The great part of function composition like this is that those
hard-to-name intermediate values are out of our hair: the
. solved our naming problem!
Remember that, in order to make OpenCV calls safe, we duplicate input
before operating on the duplicate in-place. This means that the
example composition is actually more like,
cv f dup . cv g
dup . cv h dup where
dup clones the input value, and
cv calls the OpenCV function, e.g.
f, passing it the
cloned value to be mutated in-place. What we can do instead is strike
up a profitable conversation with the amazing programmable inliner GHC
comes with to have this kind of computational pipeline rewritten to
the moral equivalent of,
cv (f.g.h) dup.
Et voila!

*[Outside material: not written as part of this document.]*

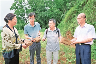 清道光九年(1829年),通门人陆星达在黄五岭(又称灯心岭)创办甘泉书院。1941年秋,书院迁至通门街坊办学,更名为通门乡中心小学校,1945年成为郁南县民众武力指挥部驻地。调研组在原村老支书指引下,在距甘泉井百米处的平地上发现重要遗迹:特色“五眼青砖”、古石磨及百年树龄的木樨(丹桂)。据专家介绍,“五眼砖”中央凹槽用于填浆砌筑,四角小槽可接榫;丹桂树形如五指,寓意“蟾宫折桂”,是古代书院常见树种。这些遗存勾勒出当年书院“书声琅琅”的景象。调研组已对采集样本进行专业处理,并叮嘱当地做好现场保护。
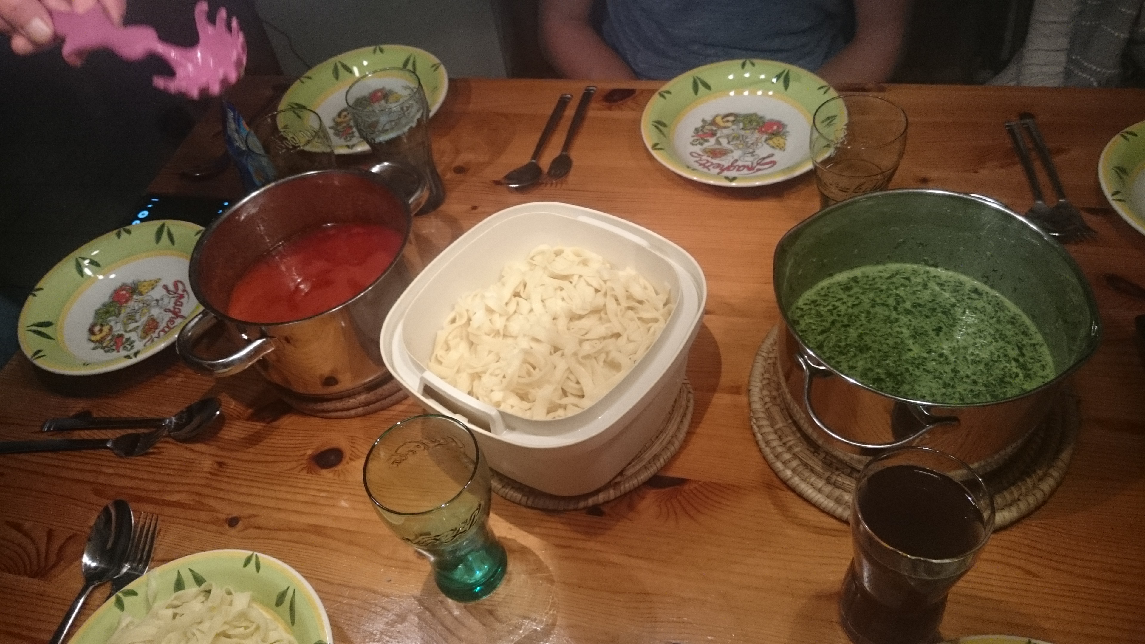Als die Nudeln dann nach 2-3 Minuten (!) fertig waren, durften wir das Festmahl genießen. Da die männlichen Mägen in dieser Runde nicht ohne Fleisch zufriedengestellt werden konnten, haben wir zusätzlich zur Bolognese noch ganz Jannatypisch Deine geliebe Spinatsoße kreiert! Naja okay, Suse hat sie kreiert… 😛

We have a functional interface to OpenCV that pays a bare minimum in allocation to maintain purity. We can lift sub-expressions out of compound expressions and not have to worry about varying semantics.
So lets see about tamping down some constant factors of our processing
code! The VideoFunhouse example application includes an effect that
turns an image into a kind of blue print using four shades of blue,
and thick edge tracing. This involves making quite a few passes over
the input pixel data to threshold, mask, find edges, etc. On an older
Core 2 Duo 2.33 GHz MacBook Pro, processing a 640x480 image takes 34.5
milliseconds (ms). Not bad? If we bump up the RTS’s allocation size
+RTS -A8M to reflect that we’re working with large-ish arrays
(images), we knock that time down to 30.1ms. This is a dual core
processor, so let’s make sure GHC uses the cores with
+RTS -N. This
gets us to 27.7ms.
Now we’ll try out two different options, one at a time. If we enable
the rewrite rules described above for fusing operation compositions
for in-place updates, we get performance all the way down to 23.9 ms.
Alternately, we can use Control.Parallel lightweight
pseq annotations to suggest to the RTS that it
evaluate the two main components of the image processing effect in
parallel. This option moves us from 27.7ms down to 19.9ms.
If we use
par and the rewrite rules? 15.8ms per
frame. This is more than twice as fast as where we started. We get a
21% improvement by mutating in-place whenever we’re sure it is safe to
do so. We are also getting a 34% speedup from the
annotations. The program used to measure the performance of these
options using Criterion is here.
The example programs are browsable via the above links, but here is an example standalone program that runs Canny edge detection on a live webcam feed and shows the results in a window.
import AI.CV.OpenCV.HighCV main = createCameraCapture (Just 0) >>= runWindow . fmap proc where proc = canny 70 110 3 . convertRGBToGray
I hope this library may be of some help to anyone interested in computer vision and Haskell. Moving forward, the biggest issue is how little of OpenCV is wrapped by this library, while the next only slightly smaller issue is that the code shows many obvious signs of having gone through several generations. The breadth of the OpenCV API will likely require automatically generated bindings, but making the Haskell side of the interface takes some thought, so I am not sure what the best way to reasonable API coverage is.